Good morning. Northam's strong financial results were underpinned by a 41% increase in our revenue to ZAR 10.6 billion as a result of an increase in volumes, prices and a weakening of the rand. Unit cash costs were well contained, and this resulted in a record operating profit of ZAR 2.4 billion for the group, which represents an operating profit margin of 23%, which is more than double than what was achieved in the previous corresponding period.

EBITDA amounted to ZAR 2.6 billion, which represented an increase of 138%.

ZAR 2.9 billion was spent on capital during the year, mainly in the execution of the group's growth strategy.

Normalized headline earnings per share increased by more than 226% to ZAR 2.70 per share.

And lastly but very importantly, the group made a profit after tax of ZAR 60.1 million, the first IFRS profit since inception of the Zambezi BEE transaction.

Normalized headline earnings, which is our main measure of performance, have been calculated taking into account headline earnings adjusted for noncash items relating to the Zambezi BEE transaction. Stripping out these noncash items resulted in a headline earnings of ZAR 1.4 billion. Because of our IFRS profit, our earnings per share increased to ZAR 0.172 per share, and headline earnings per share increased to ZAR 0.158 per share.

Revenue increased by 41% to ZAR 10.6 billion. The increase was largely attributable to a 20.7% increase in volumes sold, an 8.8% increase in the U.S. dollar basket price and a 10.6% weaker average exchange rate achieved.

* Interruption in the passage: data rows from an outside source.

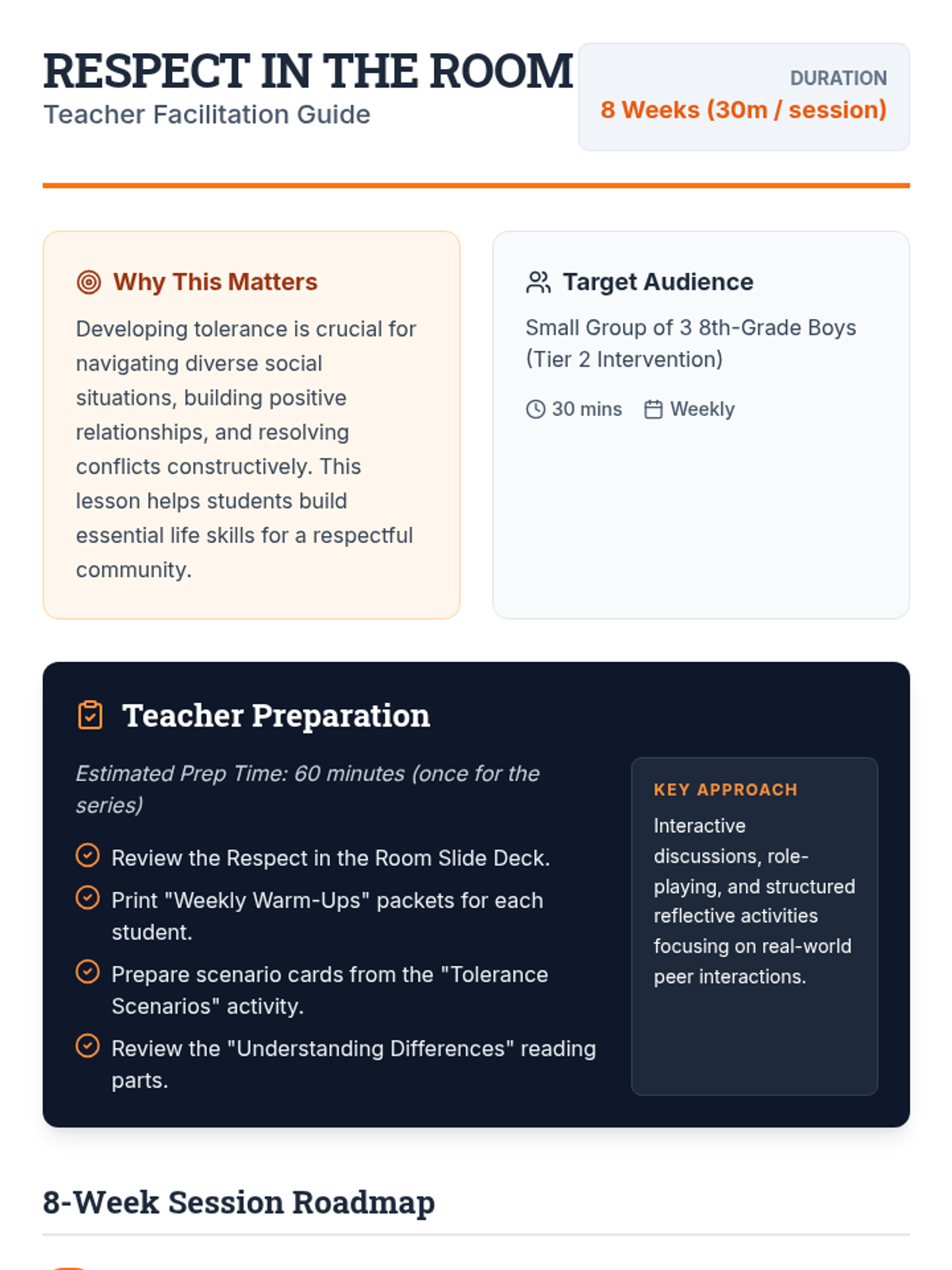 An 8-week Tier 2 intervention for 8th-grade boys designed to foster tolerance, empathy, and respectful communication.
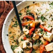 Instant Pot Instructions: Press the Sauté button on the Instant Pot and heat the oil. Then, sauté the garlic, ginger, and lemongrass for 2-3 minutes until soft-ish. Add the roasted red chili paste and sauté for another minute. Then, add in the tofu and 4 cups of broth. Place the lid on the pot and cook on Manual mode (high pressure) for 3 minutes. Quick release the steam using the valve. Stir in the coconut milk, fish sauce, brown sugar, lime juice and zest, and salt. Add in the mushrooms and red pepper. If you feel like it could use more liquid, you can add an additional cup of broth if needed. Press the Sauté button again to simmer the veggies for 5-6 minutes until softened. Pull out the lemongrass chunks and stir in the cilantro.
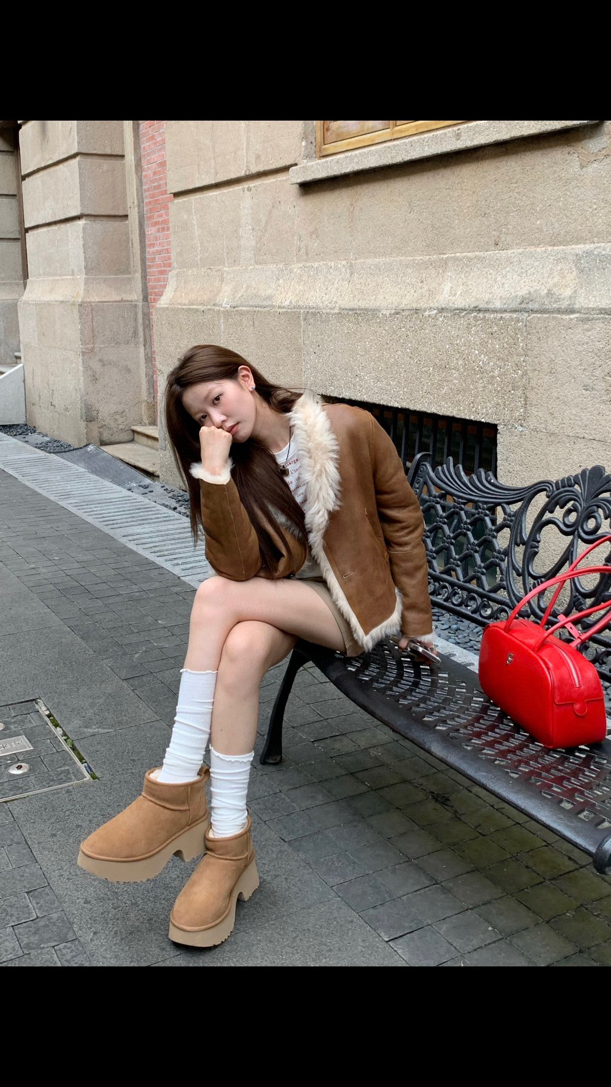 拉长腿部比例的厚底雪地靴!!足足7cm啊!439g的单靴克重👇🏻
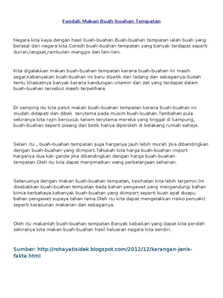 Kerangka Karangan Faedah Buah Buahan Tempatan from imgv2-2-f.scribdassets.com Kendati demikian, ada beberapa waktu makan makan buah saat atau sebelum makan besar dapat meningkatkan manfaat ini. Jadi, ikutlah sunnah, pasti ada kebaikannya. Gambar mewarna buah buahan tempatan bermanfaat buku mewarna buah. Kenali buah buahan tempatan relaks minda. So jom kita tengok 8 kebaikan makan buah manggis. Contextual translation of kebaikan makan buah buah tempatan into english. Download now contoh lukisan buah buahan tahun 4 pusat sumber st edmund limbang. Salah satunya adalah di matic jalan ampang kl, di kawasan letak kereta depan cocoa boutique.
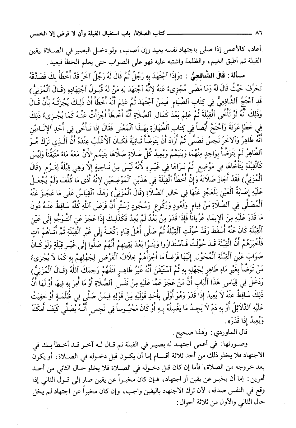 : قَالَ الشَّافِعِيُّ: " وَإِذَا اجْتَهَدَ بِهِ رَجُلٌ ثُمَّ قَالَ لَهُ رَجُلٌ آَخَرُ قَدْ أَخْطَأَ بِكَ فَصَدَّقَهُ تَحَرَّفَ حَيْثُ قَالَ لَهُ وَمَا مَضَى مُجْزِئٌ عَنْهُ لِأَنَّهُ اجْتَهَدَ بِهِ مَنْ لَهُ قبول اجتهاده (قال المزني) قد احتج الشافعي في كتاب الصيام فيمن اجتهد ثم علم أنه أخطأ أن ذلك يجزئه بأن قال وذلك أنه لو تَأَخَّى الْقِبْلَةَ ثُمَّ عَلِمَ بَعْدَ كَمَالِ الصَّلَاةِ أنه أخطأ أجزأت عنه كما يجزئ ذلك في خطإ عرفة واحتج أيضاً في كتاب الطهارة بهذا المعنى فقال إِذَا تَأَخَّى فِي أَحَدِ الْإِنَاءَيْنِ أَنَّهُ طَاهِرٌ والآخر نجس فصلى ثم أراد أن يتوضأ ثانية فكان الأغلب عنده أن الذي ترك هُوَ الطَّاهِرُ لَمْ يَتَوَضَّأْ بِوَاحِدٍ مِنْهُمَا وَيَتَيَمَّمُ ويعيد كل صلاة صلاها بتيمم لأن معه ماء متيقناً وليس كالقبلة يتأخاها في موضع ثم يراها في غيره لِأَنَّهُ لَيْسَ مِنْ نَاحِيَةٍ إِلَّا وَهِيَ قِبْلَةٌ لقوم (قال المزني) فقد أجاز صلاته وإن أخطأ القبلة فِي هَذَيْنِ الْمَوْضِعَيْنِ لِأَنَّهُ أَدَّى مَا كُلِّفَ وَلَمْ يَجْعَلْ عَلَيْهِ إِصَابَةَ الْعَيْنِ لِلْعَجْزِ عَنْهَا في حال الصلاة (قال المزني) وهذا القياس على ما عجز عنه المصلي فِي الصَّلَاةِ مِنْ قِيَامٍ وَقُعُودٍ وَرُكُوعٍ وَسُجُودٍ وستر أن فرض الله كله ساقط عنه دون ما قدر عليه من الإيماء عرياناً فإذا قدر من بعد لم يعد فكذلك إذا عجز عن التوجه إلى عين القبلة كان عنه أسقط وقد حولت القبلة ثم صلى أَهْلُ قَبَاءٍ رَكْعَةً إِلَى غَيْرِ الْقِبْلَةِ ثُمَّ أتاهم آتٍ فأخبرهم أن القبلة قد حولت فاستداروا وبنوا بعد يقينهم أنهم صلوا إلى غير قبلة ولو كان صواب عين القبلة المحول إليها فرضاً ما أجزأهم خلاف الفرض لجهلهم به كما لا يجزئ من توضأ بغير ماءٍ طاهرٍ لجهله به ثم استيقن أنه غير طاهر فتفهم رحمك الله (قال المزني) ودخل في قياس هذا الباب أن من عجز عما عليه من نفس الصلاة أو ما أمر به فيها أو لها أن ذلك ساقط عنه لا يعيد إذا قدر وهو أولى بأحد قوليه من قوله فيمن صلى في ظلمة أو خفيت عليه الدلائل أو به دم لا يجد ما يغسله به أو كان محبوساً في نجسٍ أنه يصلي كيف أمكنه ويعيد إذا قدر "
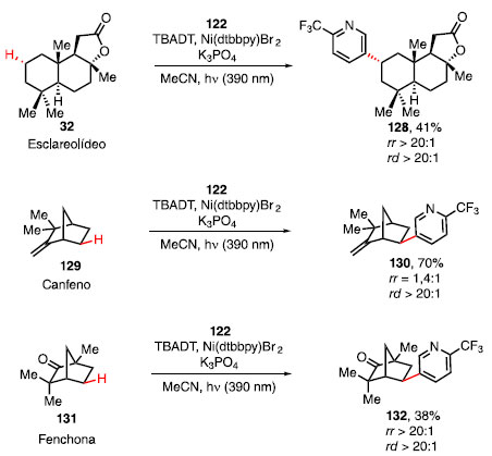 A funcionalização de ligações C-H no esclareolídeo (32), canfeno (102) e fenchona (104), produtos naturais da classe dos terpenos que apresentam propriedades antifúngicas, utilizando a condição padrão mostrou-se eficaz (Esquema 27).46 Eles se mostraram parceiros de acoplamento competentes, fornecendo os produtos arilados 101, 103 e 105 em 41%, 70% e 38% de rendimento, respectivamente, com razões regioisoméricas e diasteroisoméricas acima de 1,4:1 e 20:1.
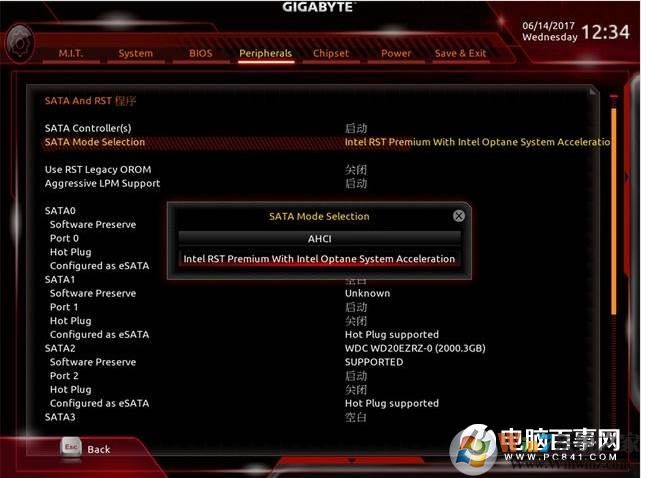 2、將硬盤模式改為Optane 相關(guān)。將磁盤工作模式從AHCI改成Intel RST模式。切記一定要先設(shè)置BIOS再安裝系統(tǒng),先安裝系統(tǒng)再更改硬盤模式將導(dǎo)致系統(tǒng)崩潰(如果沒有intel RST那么改成RAID也是可以的)

The average U.S. dollar sales prices improved for most metals during the year, except for platinum, which continued its downward trend to $824 per platinum ounce. Palladium and rhodium both performed well with increases of 26% and 61%, respectively. The minor metals, iridium and ruthenium, also performed well with an increase of 42% and 78%, respectively. Platinum now only contributes 39% of total revenue. Platinum makes up roughly 60% of our basket, so even with the favorable increases in palladium and rhodium, the 4E basket dollar price only increased by 8.8% to $1,097. Total revenue per platinum ounce sold increased by 13.6% to ZAR 29,640 per platinum ounce sold.

Cost of sales increased by 22% on the back of an increase of revenue, which resulted in an operating profit of ZAR 2.4 billion. Some of the key elements in the individual elements making up cost of sales include a 13% increase in the cost of mining as a result of an increase in production as well as general mining inflation. Concentrate cost increased by 25% with the commissioning of the Booysendal concentrator. Smelter and BMR cost increased owing to additional power cost required by the second furnace as well as a 21% increase in refined metal production. Included in selling and administration overhead costs are costs incurred relating to our corporate office; the establishment of group services, which includes the costs associated with the implementation and support of our SAP IT infrastructure; as well as all marketing cost incurred by the group. Royalty charges increased in line with the increase in revenue. Share-based payment expenses and profit share scheme cost relate to expenses incurred in respect of the group's share plan, which is largely influenced by the Northam share price and then, of course, contributions made to the Toro Employee Empowerment Trust.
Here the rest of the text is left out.